While she is often referenced in relation to the male artists in her life—as a model for Edward Steichen, for whom she posed for the pages of Vogue; as Man Ray’s student turned lover, and the co-inventor of solarization, a photographic technique that creates halo-like effects, for which he alone has been credited; as the wife of Roland Penrose, her second husband—Lee Miller was much more than a muse.
Born in 1907 in Poughkeepsie, New York, she became many things over the 70 years of her life, from a cover model to a Surrealist photographer to a frontline correspondent during World War II, documenting the liberation of the concentration camp Dachau as well as the burning of Hitler’s holiday home on the eve of Germany’s surrender.
“She achieved so much at a time when women were limited in terms of what they could do,” said Maya Binkin, the artistic director at England’s Newlands House Gallery, in a statement. “She was fearless and lived her life by her own rules.”
After the war, Miller trained at Le Cordon Bleu in Paris and became an award-winning chef. By then, she and Penrose had retired in England—to the village of Muddles Green in Chiddingly, East Sussex. There, they would invite the likes of Eileen Agar, Leonora Carrington, Max Ernst, and Joan Miró to Surrealist dinner parties, and serve dishes such as blue fish and green chicken (the former was apparently inspired by Miró).
Their home, Farleys House, was itself a living artwork, with Henry Moore sculptures dotting the lawn and images carved into the tree trunks. Today, it functions as a museum.
Inside the house, their good friend Pablo Picasso even painted onto the tiles behind their stove. While in England for the World Peace Conference in 1950—his second and last visit to the U.K.—the painter stayed with Miller and Penrose and their young son Antony, just as they had visited him in France over the years.

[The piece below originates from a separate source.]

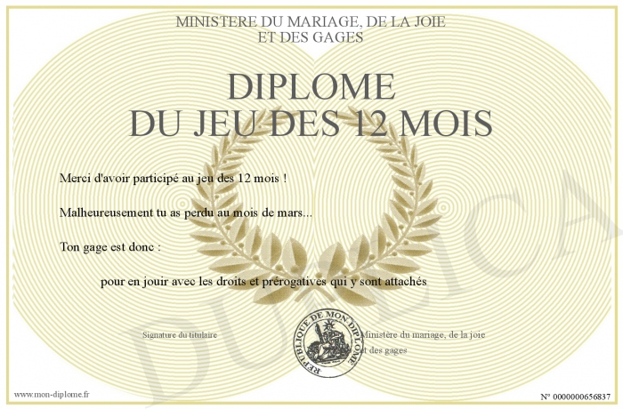 Envoyez par email votre Diplôme du jeu des 12 mois personalisé
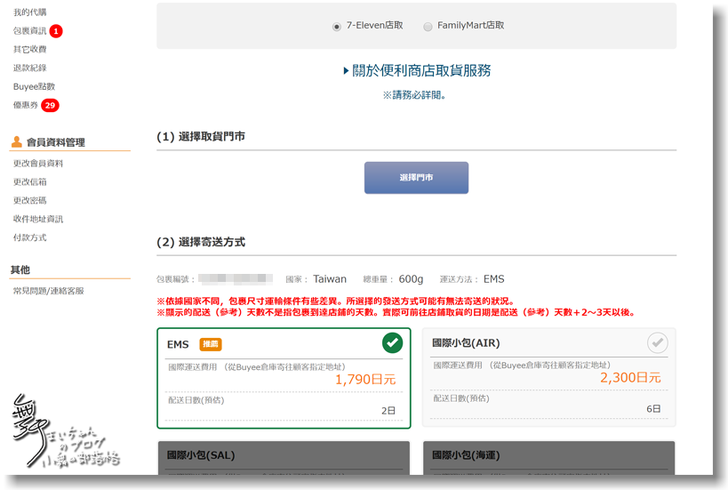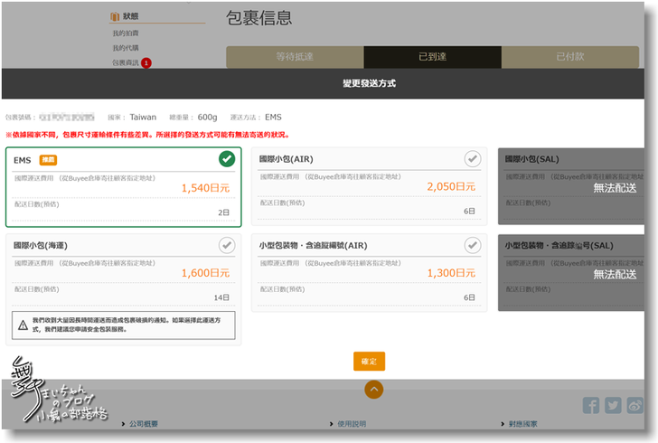 ▲費用差不多的情況下,我選擇最快速的EMS快捷郵件,只要2天就可以抵達台灣。

Decades later, Antony (who grew up knowing nothing of his mother’s photography career) and his wife discovered a trove of negatives and correspondences in the attic of Farleys House. They included images of Picasso’s Sussex sojourn, showing him strolling through country fields and sitting in the farmhouse with Antony on his lap. In all, Miller took more than 1,000 photos of the artist and their social circle, from when they first met in 1937 in the South of France.
While he was involved with Dora Maar, and she was visiting her soon-to-be husband Penrose, “Picasso was immediately attracted to Miller and painted her six times,” Binkin said. “Though there is some speculation about the nature of their relationship—whether it was purely friendly or had a physical element to it—it is clear that Picasso held her in high regard.”

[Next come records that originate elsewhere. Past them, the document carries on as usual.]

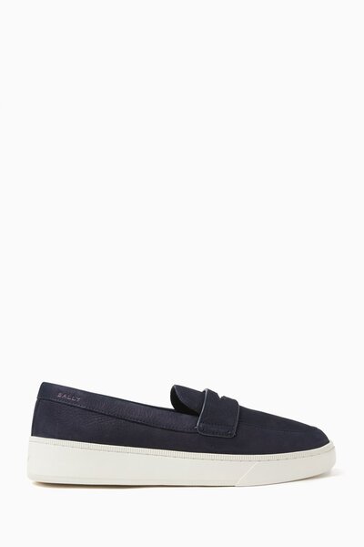 The Bally Raise sneakers offer a modern twist on a classic loafer. • Crafted from luxurious nubuck leather and featuring a thick rubber sole, these sneakers are both comfortable and stylish • The slip-on design and Zahogel footbed ensure all-day comfort, making them perfect for any occasion
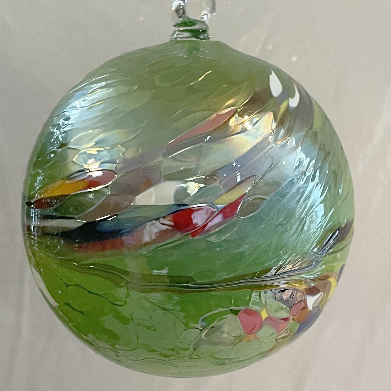 Kugel zum hängen Bunte Glaskugel Ornament grün bunt Fensterdekoration mundgeblasenes Kristallglas Durchmesser ca. 10 cm
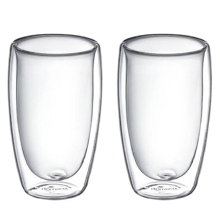 Zestaw dwóch szklanek termicznych Ambition Doble o pojemności 450 ml. Naczynia wykonane są ze szkła borokrzemowego i mają podwójne ścianki, które chronią dłonie przed poparzeniem. Szklanki nadają się do podania zarówno zimnych, jak i gorących napojów, i z powodzeniem mogą być używane w kuchenkach mikrofalowych oraz zmywarkach do naczyń. Szklanki termiczne Ambition Doble o pojemności 450 ml najlepiej sprawdzą się do przygotowania kawy latte macchiato.
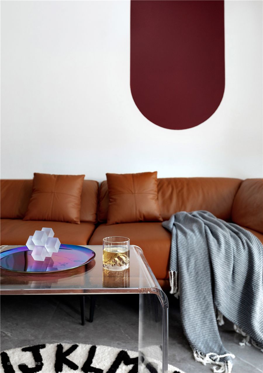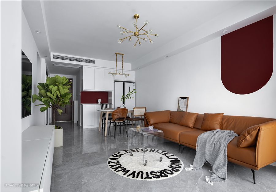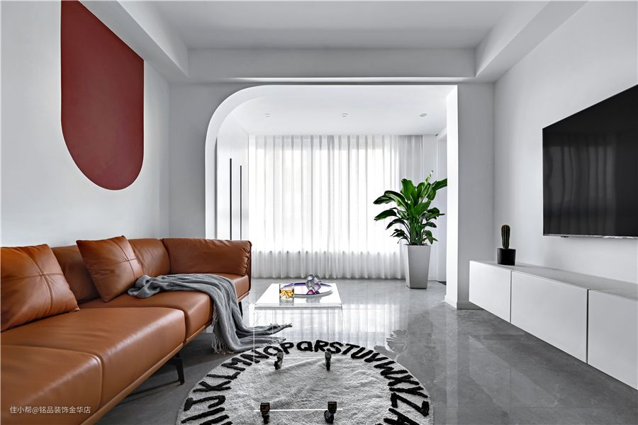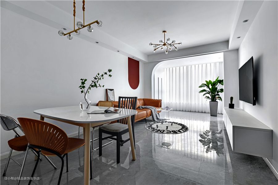 走进客厅,第一眼是被客厅与阳台间的拱形墙所吸引,绿植的加持,将景引入室,特别富有诗意。客厅的弧形分色墙与之呼应,更显灵动,给空间增添了些许柔和的气息。整个空间的地板选用灰色大理石瓷砖,有延伸空间的效果。客餐厅背景墙统一使用白色,整体效果更好。家具配饰的选择上,以饱和度较高的色系为主,中和空间的单调感。沙发是焦糖色皮质沙发,温柔中带有硬朗的气质,是提升空间华丽质感的主要元素。

Miller in turn photographed Picasso and moments in their friendship over the course of four decades—from a bohemian picnic near Cannes two years before the war, to a reunion in Picasso’s Rue des Grands Augustins studio after the Liberation of Paris, to postwar scenes from Sussex—revealing a rare bond between the artists. “Picasso trusted and valued Miller, allowing her time and again into his inner sanctum to photograph him in his studio, a privilege awarded to only a few close friends and allies,” Binkin said.

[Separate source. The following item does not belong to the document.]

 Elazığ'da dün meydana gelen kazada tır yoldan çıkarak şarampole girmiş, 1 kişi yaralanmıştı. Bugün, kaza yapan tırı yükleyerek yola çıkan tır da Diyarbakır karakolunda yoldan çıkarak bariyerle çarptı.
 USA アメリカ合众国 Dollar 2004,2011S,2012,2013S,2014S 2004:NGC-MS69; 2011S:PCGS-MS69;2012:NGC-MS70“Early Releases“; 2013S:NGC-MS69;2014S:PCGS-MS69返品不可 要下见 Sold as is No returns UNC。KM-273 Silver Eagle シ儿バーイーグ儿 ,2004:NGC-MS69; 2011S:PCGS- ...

More than 100 of these images are now on display in “Lee Miller & Picasso” (through January 8, 2023) at Newlands House. The gallery recently took over a 7,500-square-foot Georgian townhouse in Petworth, a small town in the South Downs of Sussex county, not far from Farleys House.
With its chalk hills along England’s southeastern coast, the area was also popular among the Bloomsbury Set, who would gather at Charleston, the home and studio of Vanessa Bell and Duncan Grant. These days, there’s a burgeoning wine country and a vibrant cultural scene.
Binkin curated the exhibition in collaboration with Antony, who oversees the Lee Miller Archives and the Penrose Collection. It also includes Miller’s early self-portraits, as well as Jean Cocteau films featuring the artist.
A number of Picasso’s paintings from the period are displayed, too, on loan from Spain’s Fundación Bancaja, along with a print that he made and sold to help Penrose open London’s Institute of Contemporary Arts (ICA). The work depicts the couple’s Ayrshire bull.
Still, Miller is the star of this show. While presenting the artists as equals, the organizers have unapologetically leveraged the (not-uncontroversial) power of Picasso to amplify her work, and her gaze.
“To begin with, when I was approaching people who should have known better, I would have to explain that Lee Miller was a woman,” Antony recently told The Guardian. “Then they would get it and say, ‘Oh yes, she was Man Ray’s muse.’ And then I would have to disabuse them of that notion.”